For Old, I would sit in a make-up chair for four hours and have them add 25 years on me and, because the make-up was so good, by the end of the day I would think that that’s my face.
So on the night of my 53rd birthday I agreed that, rather than having a full hour of having to take the ageing hair and make-up off, I was allowed to swim out into the sea and pull 20 years of ageing off my face.
I looked in the mirror afterwards and it was like I had this young baby face! It was a blast. I felt such gratitude.
Would you describe yourself as a reformed bad boy?
There is nothing more tiresome than a reformed rake.
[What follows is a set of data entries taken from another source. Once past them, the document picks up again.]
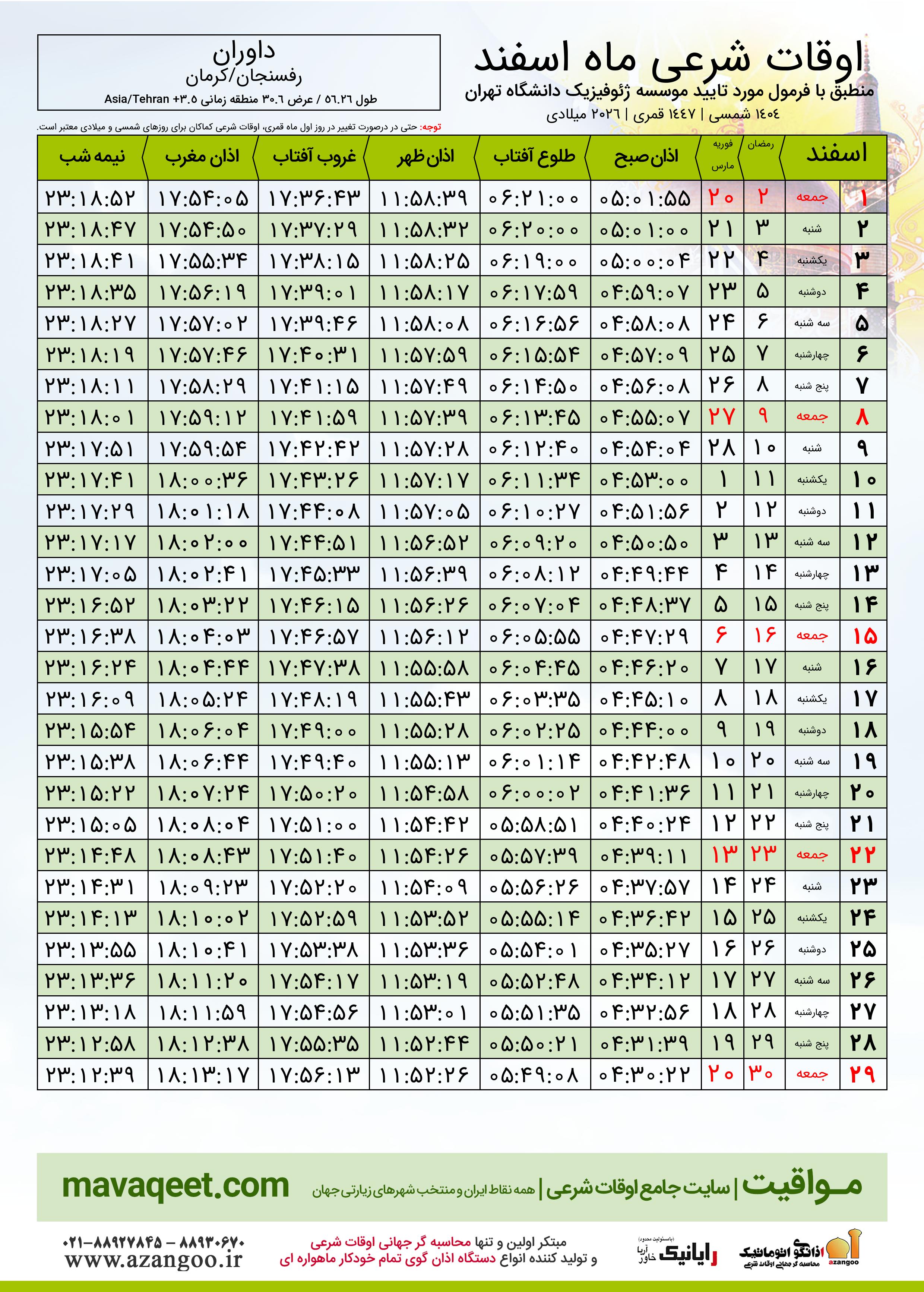 دانلود اوقات شرعی ماه رمضان ٠٤ - ١٤٠٤ شمسی | ٢٠٢٦ میلادی | ١٤٤٧ قمری شهر داوران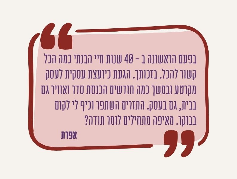בפעם הראשונה ב-40 שנות חיי הבנתי כמה הכל קשור להכל. בזכותך. הגעת כיועצת עסקית לעסק מקרטע ובמשך כמה חודשים הכנסת סדר ואוויר גם בבית, גם בעסק. התזרים השתפר וכיף לי לקום בבוקר. מאיפה מתחילים לומר תודה?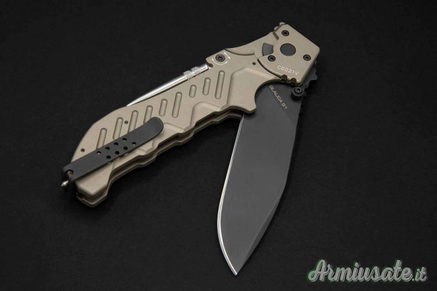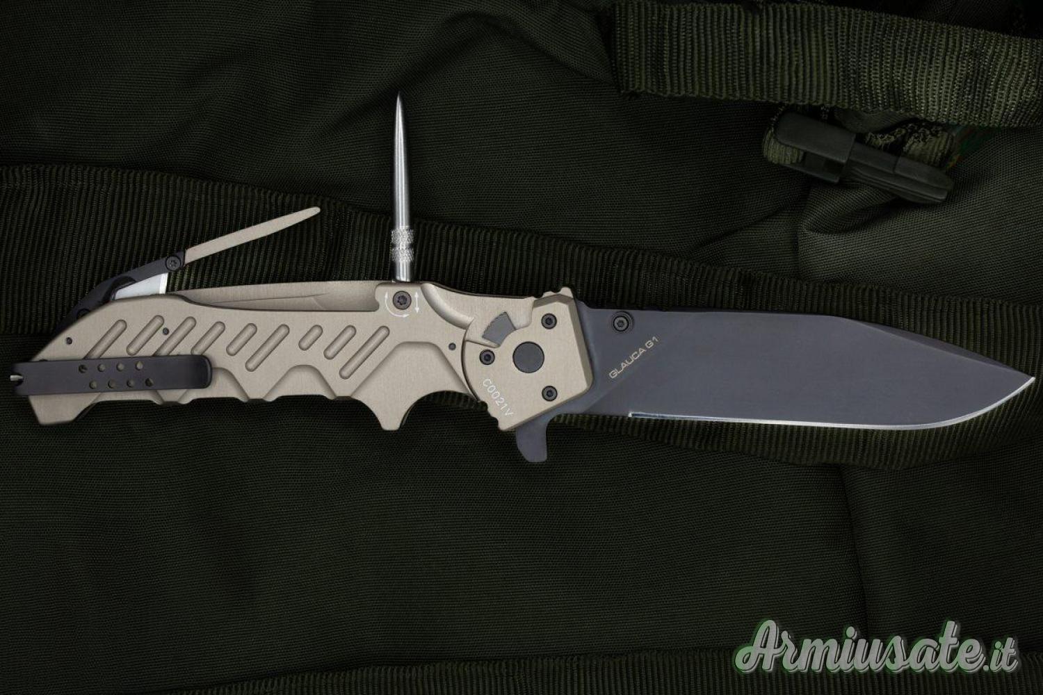 Glauca G1, evoluzione del modello Glauca, è dotato di caratteristiche specifiche progettate appositamente per il rinomato reparto GSG9, unità speciale della Bundespolizei, che lo ha adottato ufficialmente. Il manico, in alluminio anticorodal anodizzato con colorazione tactical mud, è dotato di frangivetro posteriore in carburo di tungsteno. La clip è regolabile in tre diverse posizioni (di cui una frontale). Sul dorso sono presenti uno scioglinodi in acciaio inox che può essere bloccato in posizione di apertura e un rescue tool richiudibile che permette all’operatore di effettuare un rapido taglio di emergenza per liberare un eventuale ferito dai propri indumenti. Questo secondo strumento è ottimo anche per l’utilizzo come taglia cinture.

I was never really a bad boy.
That makes it sound so much sexier than it actually was. A recovering nuisance, possibly.
You’ve done a lot of posh period drama. Are you posh yourself?
Not posh at all, actually. We were quite poor: free school dinners and all that.
My dad was an artist, an animator [who worked on the Lucy In The Sky With Diamonds section of The Beatles’ Yellow Submarine film], and we grew up in a tiny little house in Twickenham.
When I was 10 or 11 we ended up in council housing and on benefits, and then we were borderline homeless for a while.
But at the same time we had books, we had a piano, we were so privileged in many ways. It was an arty, bohemian upbringing.
When I was at school people thought I was posh because my mum has always been well-spoken.
Would you have chosen the name Rufus for yourself?
Not for a long time, I wouldn’t. I don’t think that anyone in their right mind would! My brother’s name was Casper and I was named Rufus, and I wasn’t in a posh school.
I was in a school where everyone was called Lee or John so I was always very protective and chippy about my name.
But looking back now, I am very glad that I am a Rufus.
Rufus has worked extensively with playwright Top Stoppard (Picture: Dan Wooller/REX/Shutterstock)
If you could delete one film from your back catalogue, what would it be?
Just one?! A lot of things don’t come my way so I have done a lot of films that aren’t really my thing on the hope that they turn out OK.
I never do anything I don’t think I can be good in but I am semi-fussy with film, quite fussy with TV and really fussy with theatre.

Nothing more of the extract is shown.